The Four Stages
1. Data collection & cleaning — Scrape public repos, deduplicate, filter for quality and licenses, remove PII. Shrink 67 TB to ~32 TB of clean code.
2. Pre-training — Next-token prediction on trillions of tokens with FIM augmentation. Teaches syntax, semantics, and patterns across 600+ languages. Takes weeks on thousands of GPUs.
3. Instruction tuning — SFT on (instruction, code) pairs. Teaches the model to follow natural language requests and produce structured responses.
4. Alignment — RLHF and/or execution-based RL. Optimizes for code that actually works, is safe, and follows best practices.

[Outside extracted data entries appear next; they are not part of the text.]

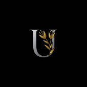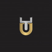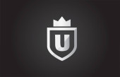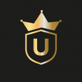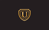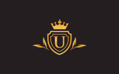 Złoty Heraldyczny Monogram Literacki U. Elegancki retro minimalny kształt tarczy. Korona, Castel, Królestwo Logo Design.
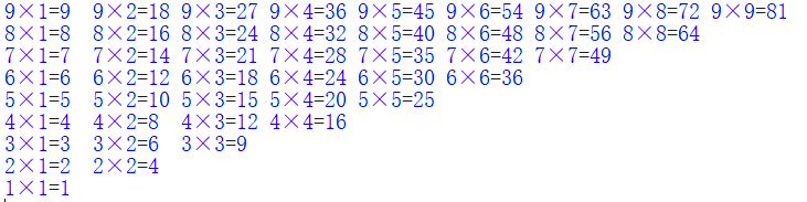 1 for i in range(9,0,-1): 2 for j in range(1,i+1): 3 print(str(i)+"×"+str(j)+"="+str(i*j)+"\t",end='') 4 print('')
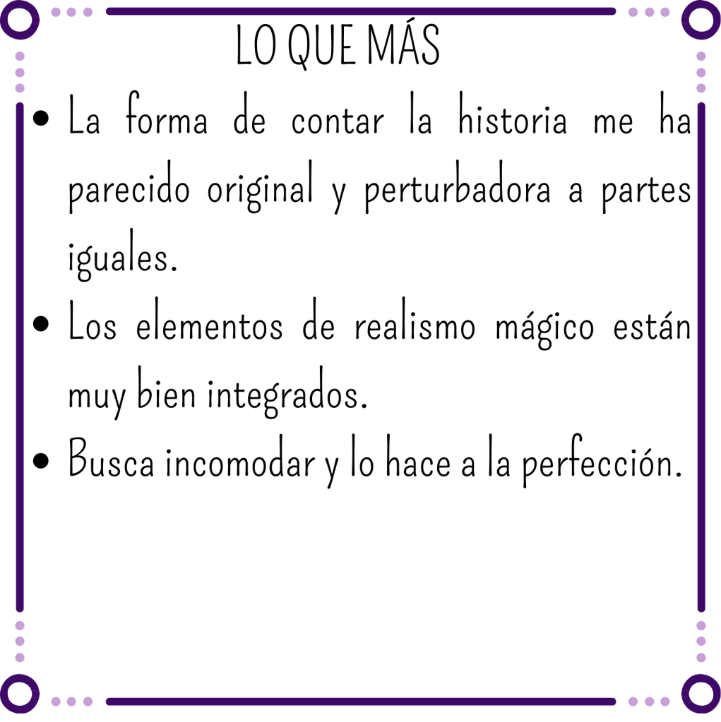 Aun así, habla del odio, del rencor (esa carcoma que todos tenemos dentro…) y la venganza, mezclado con una crítica al clasismo, a la lucha de clases post guerra civil hablando de ambos bandos así como la reivindicación de la memoria histórica y de la necesidad de la sororidad. Y aunque todo esto está presente a lo largo de la historia, a mi algunas veces se me diluía un poco y perdía fuerza.
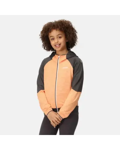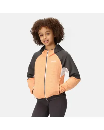 Gyerek extol felső, 220 g/m2-es újrahasznosított 96% poliészter/4% elasztán rácsos polár anyag, Extol Stretch panelbetétek - 90% poliészter/10% elasztán, fix kapucni, 2 cipzáras zseb, rugalmas anyagból készült szegély a kapucni nyílásán, mandzsettán
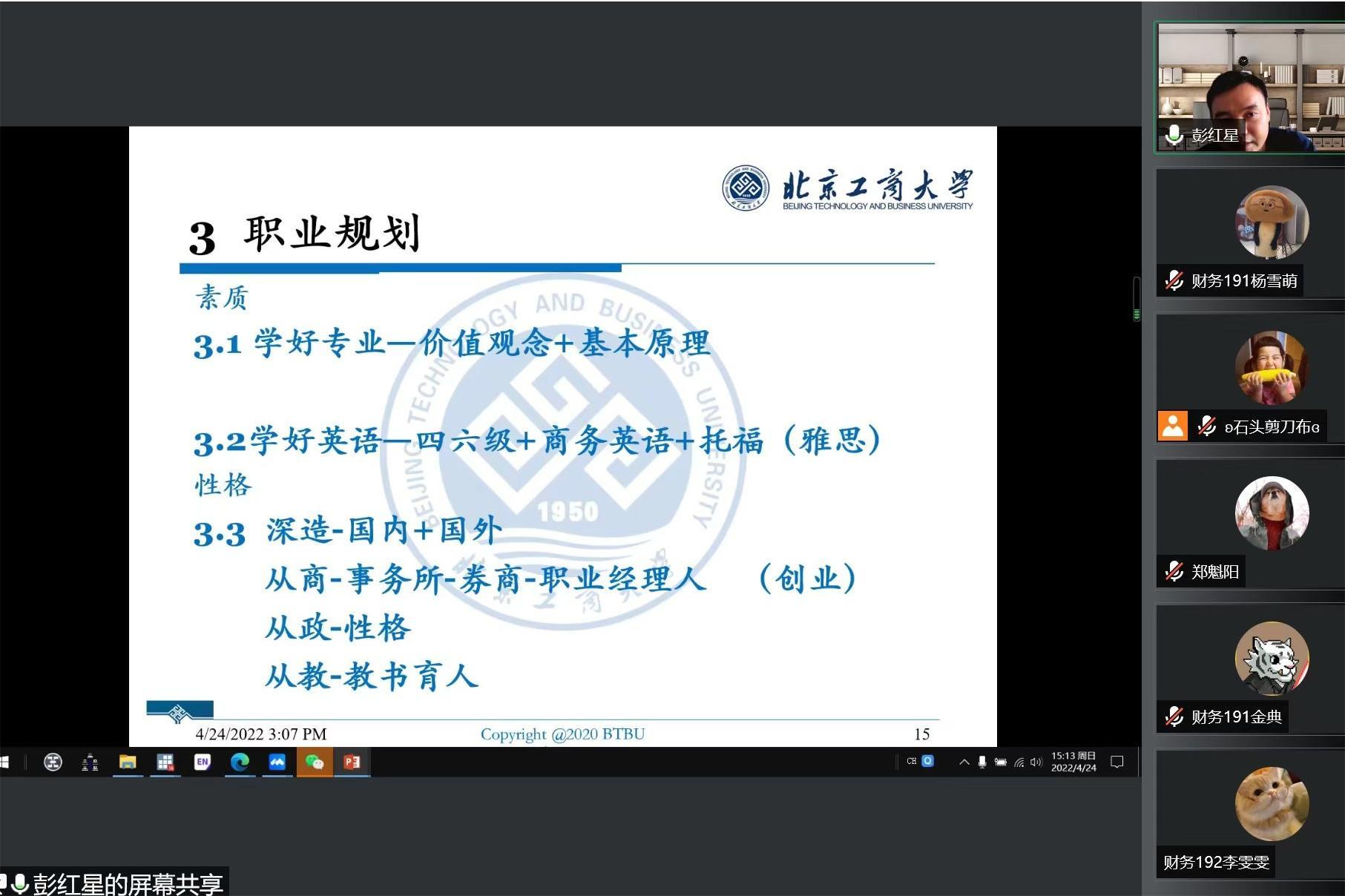 会计系彭斐老师作为新入职北京工商大学的优秀青年教师,以“人生不是轨道,是原野”为主题,通过分享她本人的毕业求职经历,从职业可选路径、如何选择就业行业、如何提升自身技能、如何看待行业发展等四个方面入手,为同学们详细介绍了近几年的会计专业毕业生就业形势,以及如何在当前社会背景下找到自己的立足之地。彭老师希望同学们可以把就业放到人生维度去考虑,顺应时代发展,做好时间规划、不断学习,既要不断提升自我竞争度,也要放平心态、学会排解焦虑情绪。
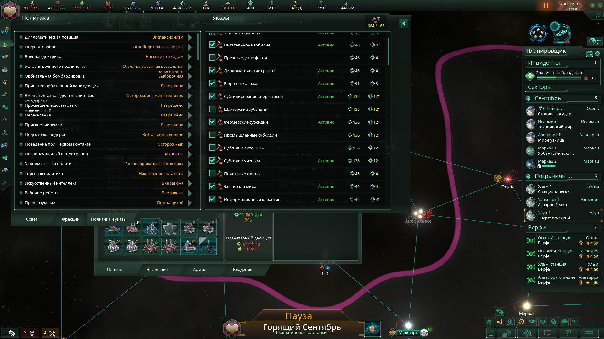 >>1295953 Исследуй системы, строй архив, выставляй там урановые бокалы. Еще кое-что, гибко регулировать можно выхлоп ментов, в планетарных решениях есть кампания по борьбе с криминалом (включение доступно если криминала уже заметно), плюс к подавлению и к содержанию ментов, если применить это на базовых ментов от столичного здания, то ментовку наверное можно будет снести. И вроде криминал начинает вредить когда его становится процентов 30, появляются работы преступников и начинаются тухлые ивенты и модификаторы.
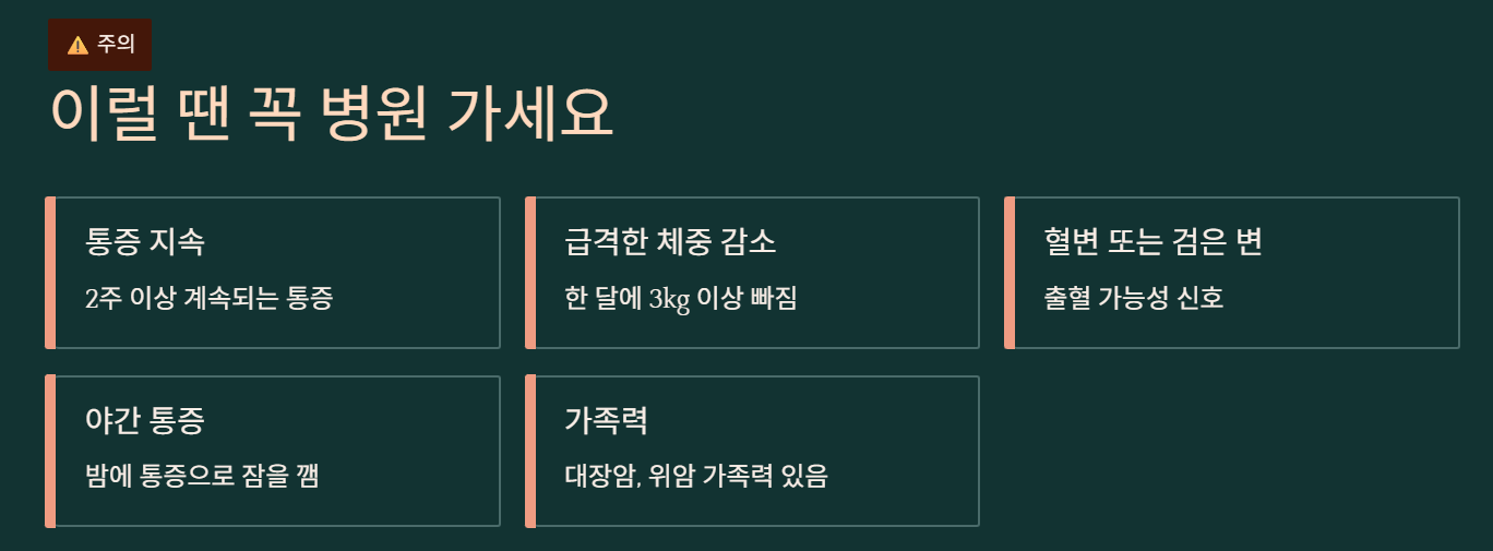 | 악화 시점 | 스트레스 시 | 공복/커피 후 | 식사 직후 |
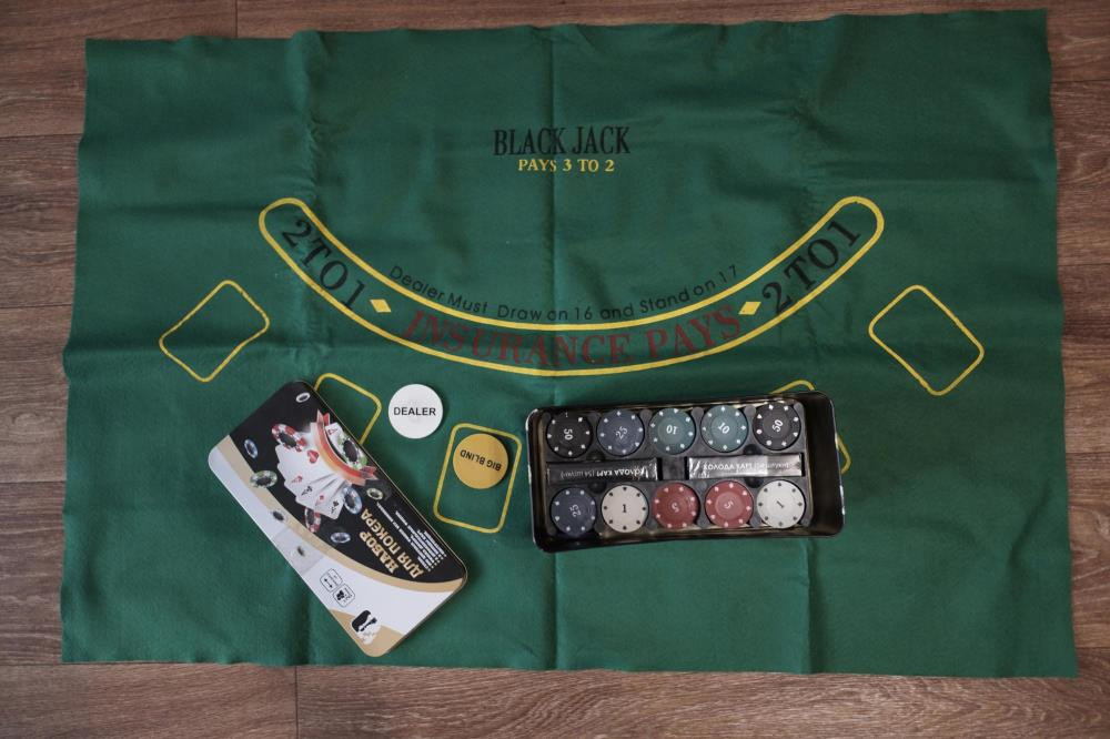 Отличное состояние.200 фишек,сукно,фишка дилера,2 дополнительных фишки,2 колоды карт(одна не вскрывалась).

What Makes Code Models Special
Compared to general LLMs, code models have three unique advantages in training:
• Verifiable output — code can be executed and tested, providing objective reward signals
• Structured data — code has syntax rules, type systems, and dependency graphs that provide learning signal
• Repository context — files relate to each other through imports and dependencies, teaching cross-file reasoning
Key insight: The training pipeline explains both the strengths and weaknesses of code AI. It’s brilliant at patterns it’s seen millions of times (common algorithms, popular frameworks). It struggles with novel architectures, proprietary APIs, and code that doesn’t exist in public repos — because it literally has never seen them.